Reconfigurable Intelligent Surface Assisted OFDM Relaying: Subcarrier Matching with Balanced SNR

TL;DR

This paper proposes a joint design framework for RIS-assisted OFDM relaying that optimizes subcarrier matching and passive beamforming to significantly enhance achievable rates, employing novel algorithms including branch-and-bound, difference-of-convex, and learning-to-optimize.

Contribution

It introduces a comprehensive joint optimization approach for RIS-assisted OFDM relaying, including novel algorithms for subcarrier matching and beamforming.

Findings

Achieves substantial rate gains over systems without RIS.

Balances SNR among subcarrier pairs for improved performance.

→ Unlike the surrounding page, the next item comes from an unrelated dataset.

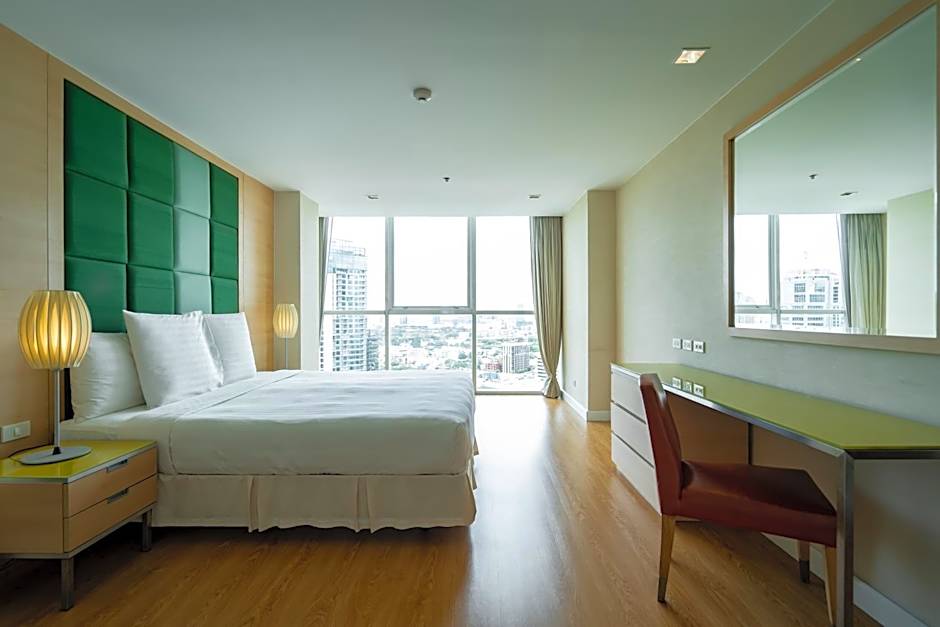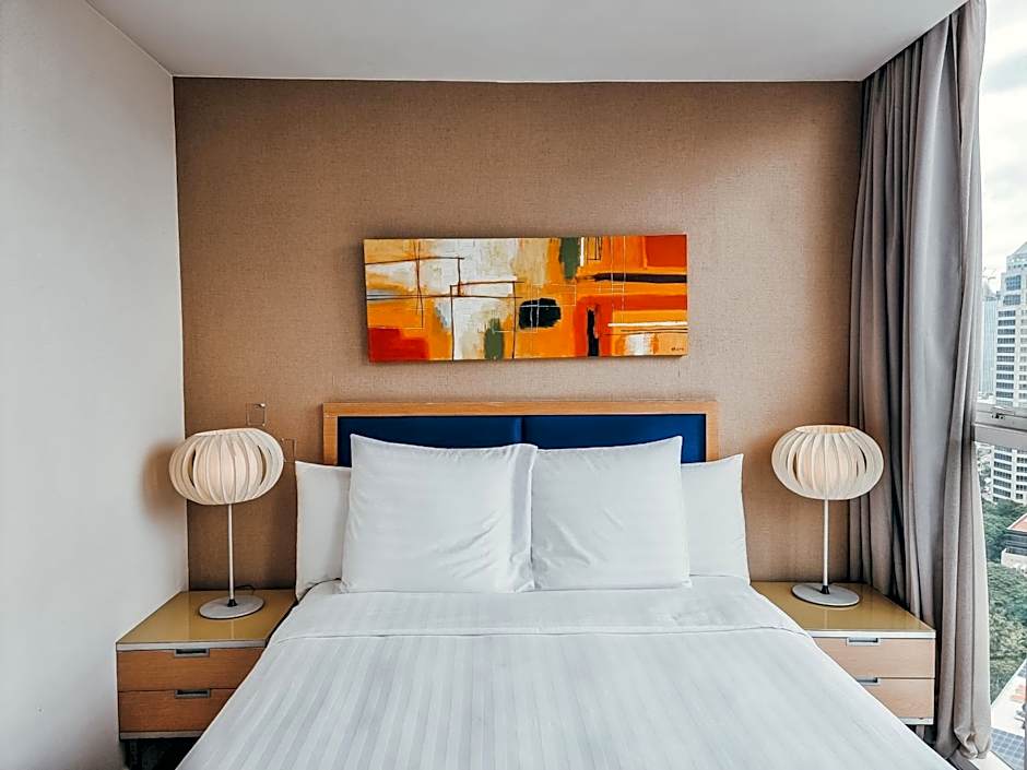 The Urbana Langsuan Hotel offers Studio rooms with a balcony, One-Bedroom Apartments, Two-Bedroom Apartments, and Premier Two-Bedroom Apartments. All rooms are non-smoking and range in size from 484 sqft to 1830 sqft. The Studio and One-Bedroom Apartments accommodate 2 adults and 1 child, while the larger apartments accommodate 4 adults and 1 child, or 6 adults and 1 child. Bed sizes vary between rooms, with options including King size, Queen size, and Twin beds.
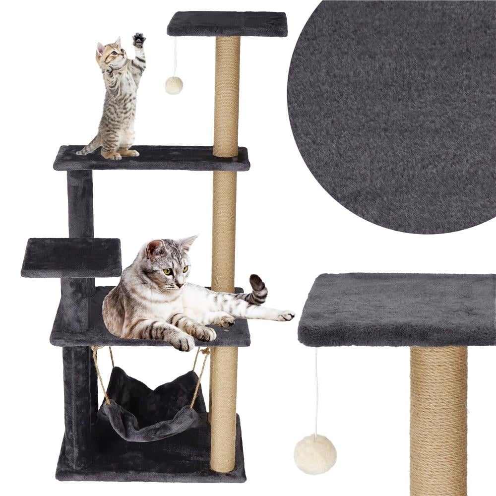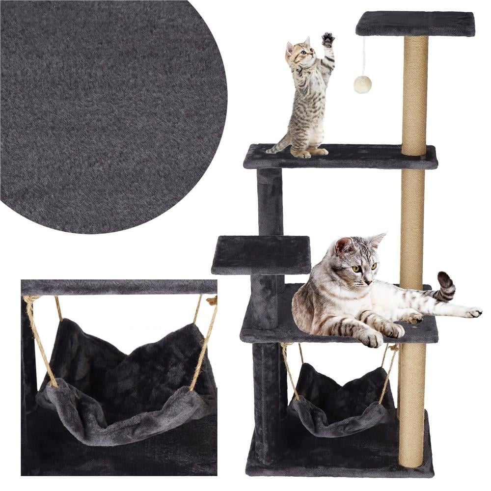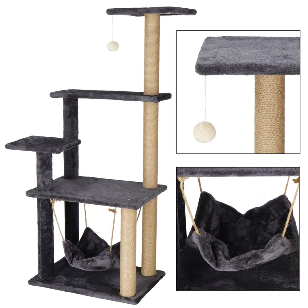 Ansamblu de joaca pentru pisici, cu loc pentru zgariat, hamac, minge, 121cm, grafit

Demonstrates effectiveness of proposed algorithms through simulations.

Abstract

This paper considers a reconfigurable intelligent surface (RIS) aided orthogonal frequency division multiplexing (OFDM) relaying system, and investigates the joint design of RIS passive beamforming and subcarrier matching under two cases, where Case-I ignores the source-RIS-destination signal, while Case-II explores this signal for rate enhancement. We formulate a mixed-integer nonlinear programming (MINIP) problem to maximize the sum achievable rate of all subcarriers by jointly optimizing the passive beamforming and subcarrier matching. To solve this problem, we first develop a branch-and-bound (BnB)-based alternating optimization algorithm for attaining a near-optimal solution. Then, a low-complexity difference-of-convex penalty-based algorithm and learning-to-optimize approach are also proposed. Finally, simulation results demonstrate that the RIS-assisted OFDM relaying system achieves a substantial achievable rate gain as compared to that without RIS since RIS recasts the subcarrier matching and balances the signal-to-noise ratio (SNR) among different subcarrier pairs.